Here is a way to finish this: Define $B_{\epsilon}=\{t \in [0,1] \, | \, \alpha(s) \in A_{\epsilon} \, \text{ for all } \, s \le t \}$.

In other words, $B_{\epsilon}$ is the set of all times $t$ such that for every time $s \le t$ there is a discrete forward path with low distortion connecting $\alpha(0)$ to $\alpha(s)$.

$B_{\epsilon}$ is non empty, and is easily seen to be open and closed, hence $B_{\epsilon}=[0,1]$, and we are done.

Answer 3

(1) If $t$ is arc length of $c:[a,b]\rightarrow X$, then $$ \lim_{\varepsilon\rightarrow 0}\ \frac{d_X(c(t),c(t+\varepsilon )}{|\varepsilon |} =1 $$ for almost $t$. Define $A$ to be set of all such $t$.

(2) For $x$, there is $\delta=\delta (x)>0$ s.t. $$ d_X(x,y)<\delta \Rightarrow d_Y(f(x),f(y)) \leq (1+\epsilon )\cdot d_X ( x, y) $$

Hence if $ \gamma (t) :=(f\circ c)(t)$, define a strictly increasing sequence $t_n\in [a,b],\ t_0=a$ s.t. $$ d_Y(\gamma (t_i),\gamma (t_{i+1} )) \leq (1+ \epsilon ) d_X ( c(t_i),c(t_{i+1}) ) $$

If $t_i\rightarrow t$, then we have a sequence $t_i$ again starting at $t_0=t$. For convenience we use $t_i$.

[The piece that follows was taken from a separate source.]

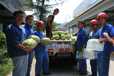 近來,四川地區(qū)連日高溫,廣大職工仍堅(jiān)守在施工一線。7月27日,集團(tuán)公司工會(huì)受集團(tuán)公司黨政領(lǐng)導(dǎo)委托,在四川地區(qū)施工現(xiàn)場(chǎng)開展了高溫慰問送清涼活動(dòng),為一線職工送去了慰問信以及涼茶、西瓜、礦泉水等慰問品。首批慰問了新華之星項(xiàng)目、華新美廬項(xiàng)目、藍(lán)光COCO國(guó)際項(xiàng)目、博覽城項(xiàng)目等地,送上了黨政領(lǐng)導(dǎo)的關(guān)愛和慰問。

Hence $$ d_Y( \gamma (t_0),\gamma (t_n))\leq \sum_i d_Y (\gamma (t_i), \gamma (t_{i+1}) )$$ $$\leq \sum_i(1+ \epsilon )\ d_X( c(t_i),c(t_{i+1}) ) \leq (1+\varepsilon ) (t_n-t_0) $$

So $\gamma$ is an $1$-Lipschitz curve.

(3) Hence $$ v(t):=\lim_\varepsilon\ \frac{d_Y(\gamma (t),\gamma (t+\varepsilon )) }{\varepsilon } $$ exists for almost $t$. Define $A'$ to be a set of all such $t$. And $$ {\rm length}\ \gamma =\int_a^b v(t)\ dt=b-a$$

since $$ t\in A\cap A'\Rightarrow v(t)=\lim_\varepsilon\ \frac{d_Y(\gamma (t),\gamma (t+\varepsilon )) }{ d_X(c(t),c(t+\varepsilon )) } \frac{ d_X(c(t),c(t+ \varepsilon ))}{\varepsilon } =1 $$

Hence, $f$ is a length preserving map.